Jasmine, our resident romance expert, always seems to know when conversations shift toward matters of the heart. I still remember how we bonded over a revenge plot in college, forming a friendship that outlasted the pain of betrayal.

“But he’s the only man I’ve ever kissed,” I whisper, conscious of dice rolling, cards shuffling, strangers celebrating wins and lamenting losses around us. “The only one I’ve ever...” Slept with. I didn’t need to finish the sentence, because they knew. “I can’t help feeling like I’m missing out on something.”

And what if that was the problem? Not that Connor wasn’t amazing, but that he was all I knew.

All the good, all the bad, all the in-between, made up one beautiful, familiar man. Was there another ‘between’ I was supposed to explore?

Jasmine and Jessa exchange glances, and my stomach twists with guilt.

They’ve witnessed every milestone in my relationship with Connor. From convincing my parents I wouldn’t stop seeing him when they believed his being eighteen and my sixteen wasn’t right, to our tearful goodbye when I left for college to our joyful reunion when I returned to Winter Bay after I graduated.

My coworker Kira showed me photos from her trip to Barcelona last month, laughing with a gorgeous Spanish guitarist she’d met at a café. The way she became animated when describing their three-day whirlwind romance made me yearn for that.

Connor and I have our vacation spots, our favorite restaurants, our books. But when was the last time we did something spontaneous? When we were teenagers, maybe. Before life became a perfectly planned timeline.

“That’s ridiculous, Meesha. You’ve found what most people spend their lives searching for. Don’t throw it away on a whim.”

“Have you told him how you feel?” Jasmine asks.

“It was hard enough admitting it to you two.” I fight back tears. “I don’t want him to think I’m ungrateful. I love him, I do. I just—” I swallow hard, the words catching in my throat. “I wonder if I should test the waters before diving all the way in.”

My phone vibrates, lighting up with Connor’s face. “It’s him,” I murmur, already reaching for it. “I should take this.”

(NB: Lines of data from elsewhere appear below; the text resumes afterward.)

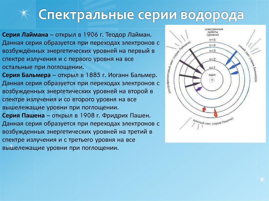 Серия Лаймана – открыл в 1906 г. Теодор Лайман.Данная серия образуется при переходах электронов с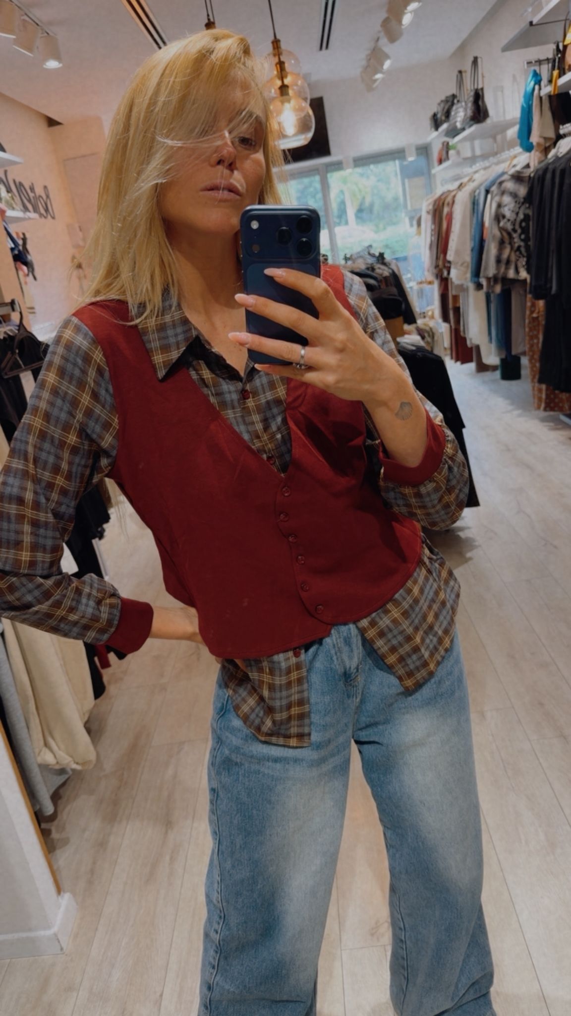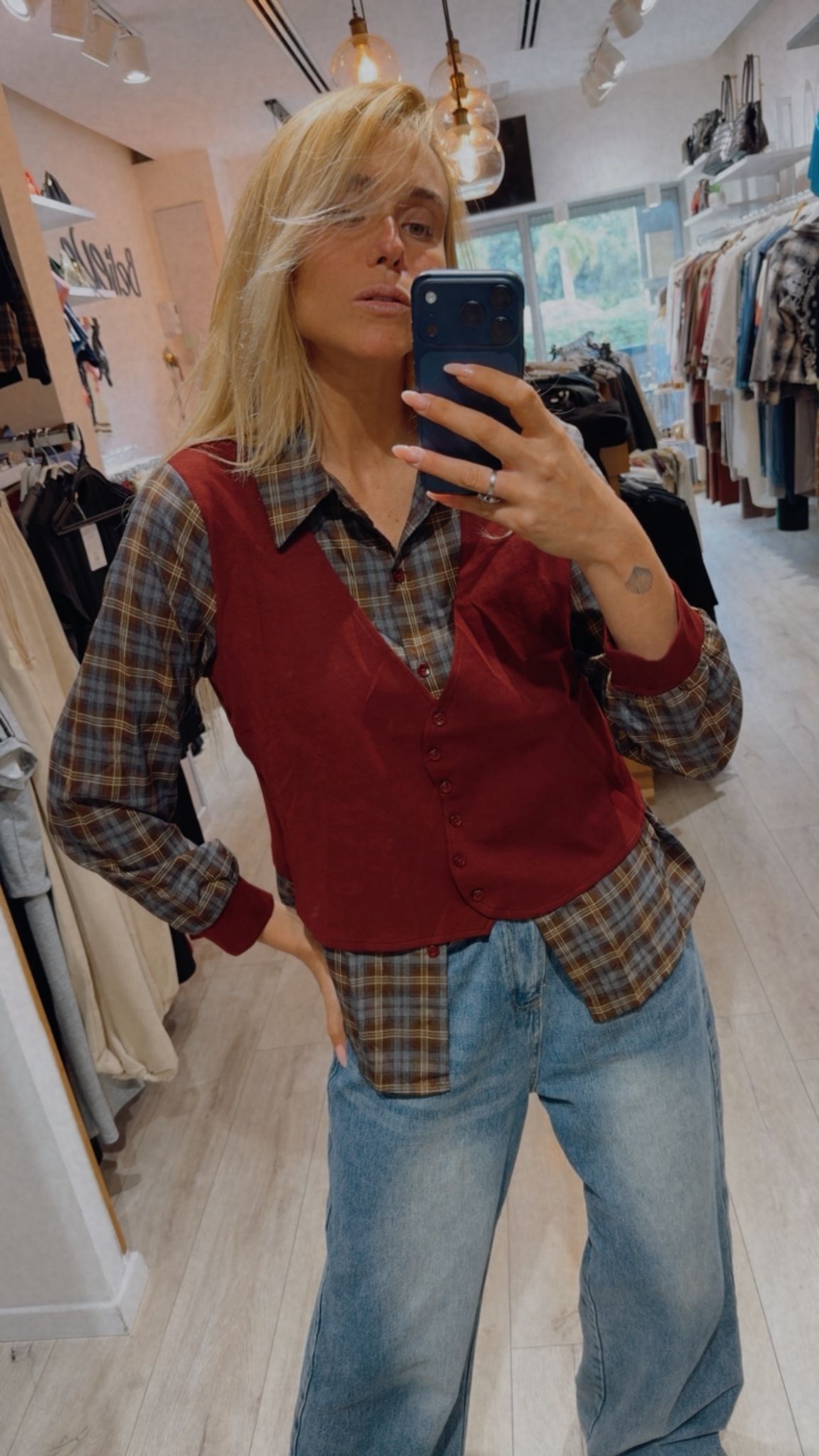 חולצה מכופתרת משבצות מחוברת אפודה מידה: וואן סייז
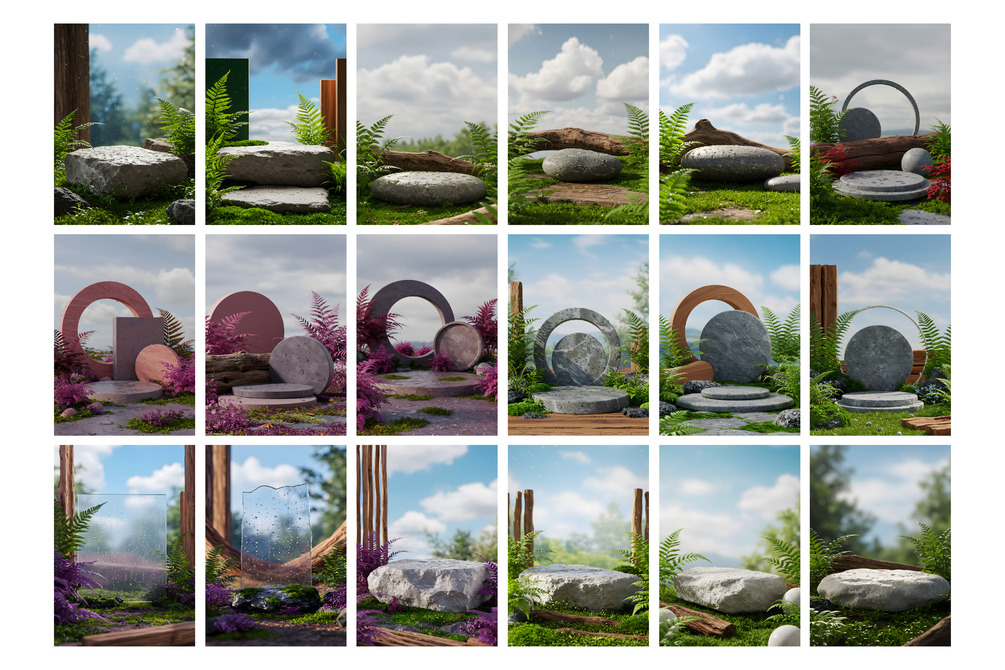 Enhance your product presentations with this Nature Backdrop Image Pack—a collection of 160+ high-quality PNG images designed to showcase your products in a stunning and realistic way.
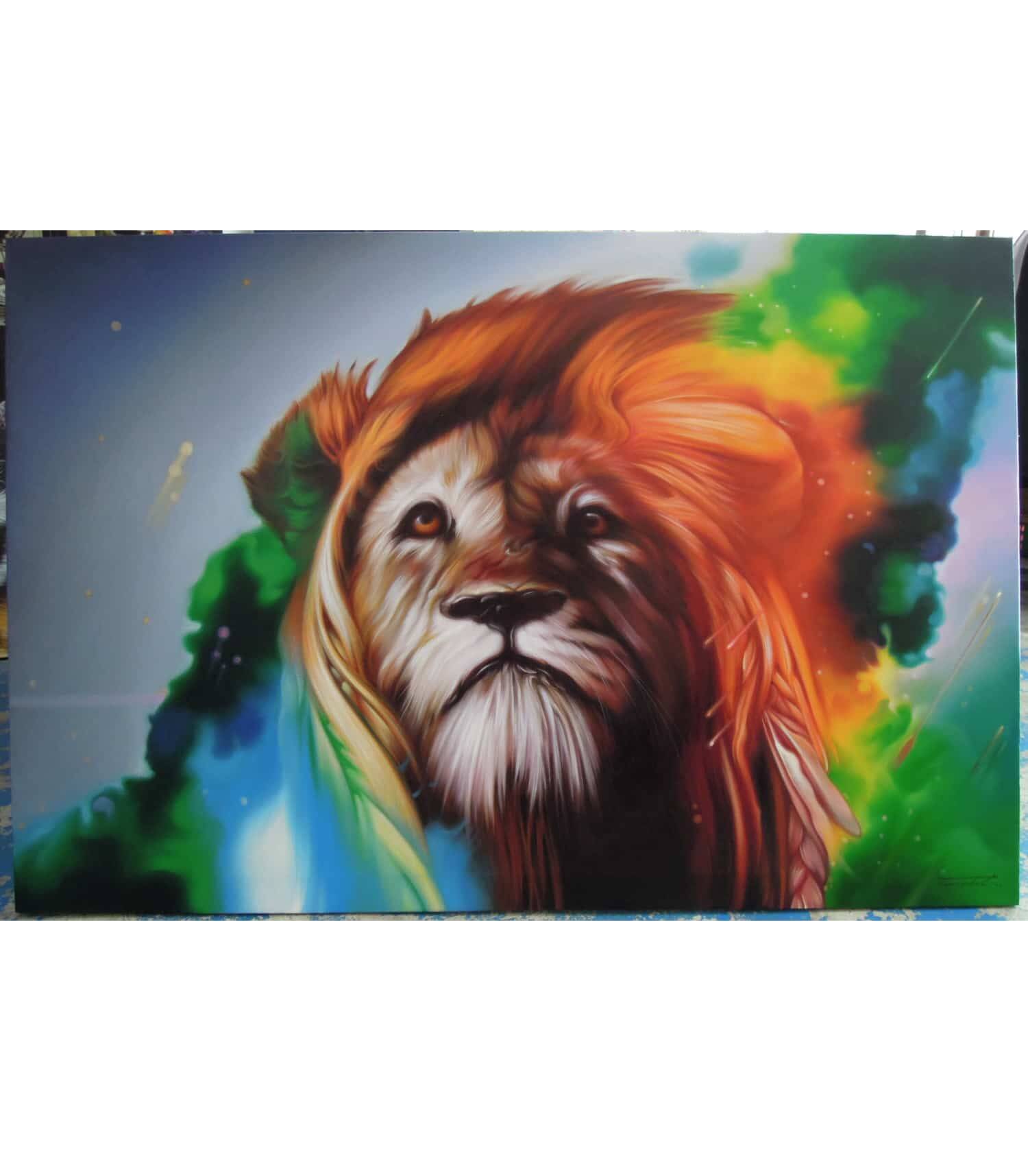 Colorful lion painting oil painting on canvas. Size 80X120 cm. The painting is ready and dry for shipping. The paintings have a white border for...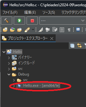 左側のプロジェクト・エクスプローラーを展開して、「Debug」の中にある「Hello.exe」を表示させます。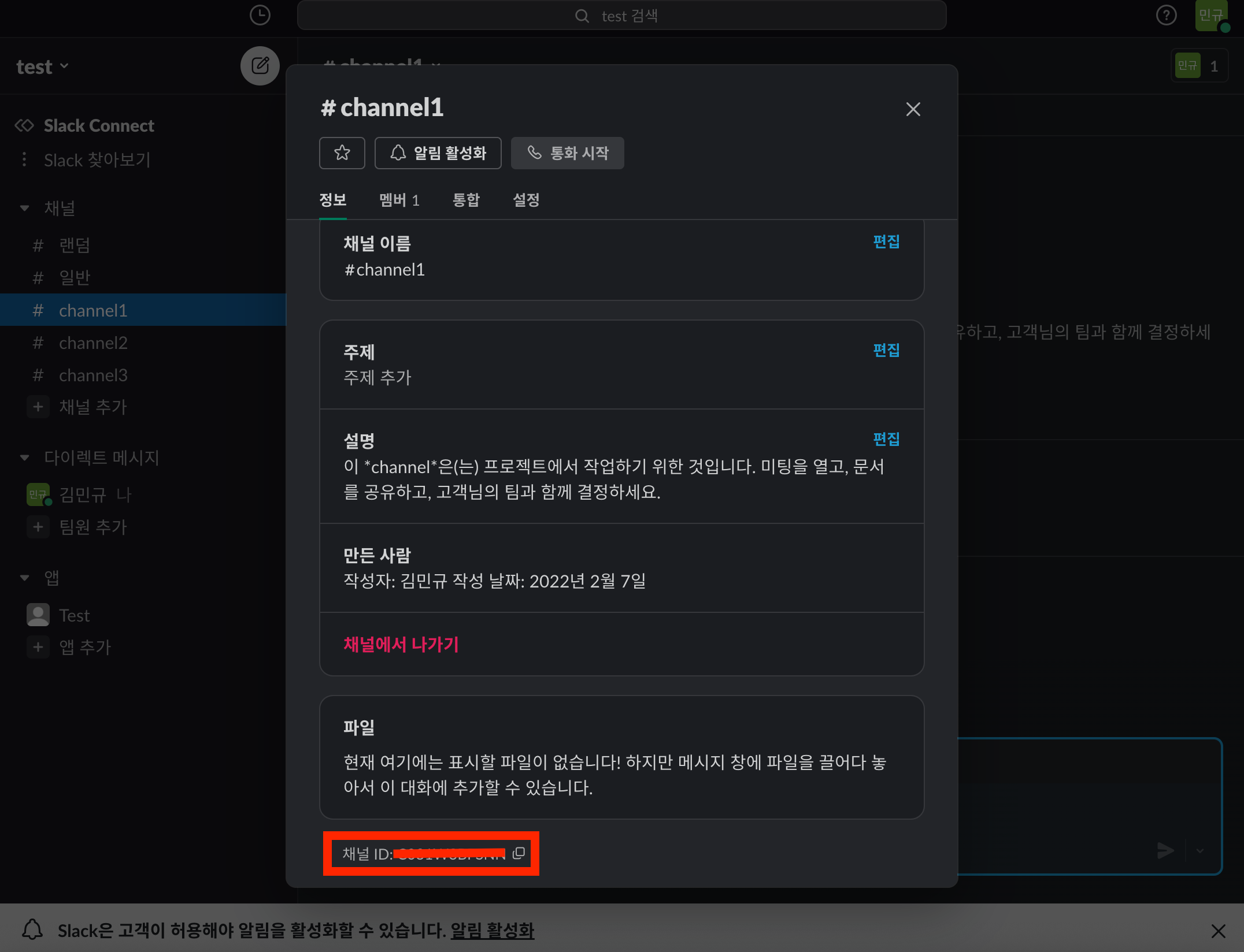 - 본인은 3개의 채널을 만들었으니 채널 ID 3개를 메모해 둡니다.

I slide from my chair, phone pressed to my ear, my voice instantly brightening as I weave through the crowd. “Hey, baby...”

“Bonjour, ma belle.” Connor’s deep voice washes over me. “Guess where I am, là?”

“Please say you’re back in Winter Bay?” I lean against a wall, away from the noise.

“Oui. Just landed at Winter Bay Regional, me.”

My heart does a little flip. He was finally home after spending the past month in Quebec caring for his mother after her hip surgery. I hadn’t expected him back for another week at least and tell him as much.

“I missed you.” The smile in his voice is audible. “How’s the bachelorette extravaganza going, eh?”

“It’s been amazing,” I say, glancing back at Jessa and Jasmine, who are talking amongst themselves. Probably about what I just said. “We fly back tomorrow night.”

“Good, because one month away from you is too much. I don’t know how I did it when you were at college.” There’s a pause. “Oh, and I have a confession to make.”

“A confession?” My stomach tightens.

“I finished ‘The Silent Patient’ on the flight, câlisse. I know we were supposed to read it together, but j’étais tellement ennuyé—I was so bored and I couldn’t stop once I got to the twist.”

My jaw drops. “Connor Beauregard! You did not just break our sacred book pact!” Our shared reading ritual had sustained us through four years of long-distance while I was at college. Even now, four years after graduation, we’d maintained our tradition.

“Ben, j’suis désolé! But that ending—”

“Don’t you dare spoil it!” I interrupt, fighting a smile. “I’m still halfway through.”

“Mes lèvres sont scellées until you finish. My lips are sealed. But you’re going to freak out.”

I shake my head; the brief moment of worry evaporates. The doubts that have plagued me since I accepted his proposal suddenly seem ridiculous.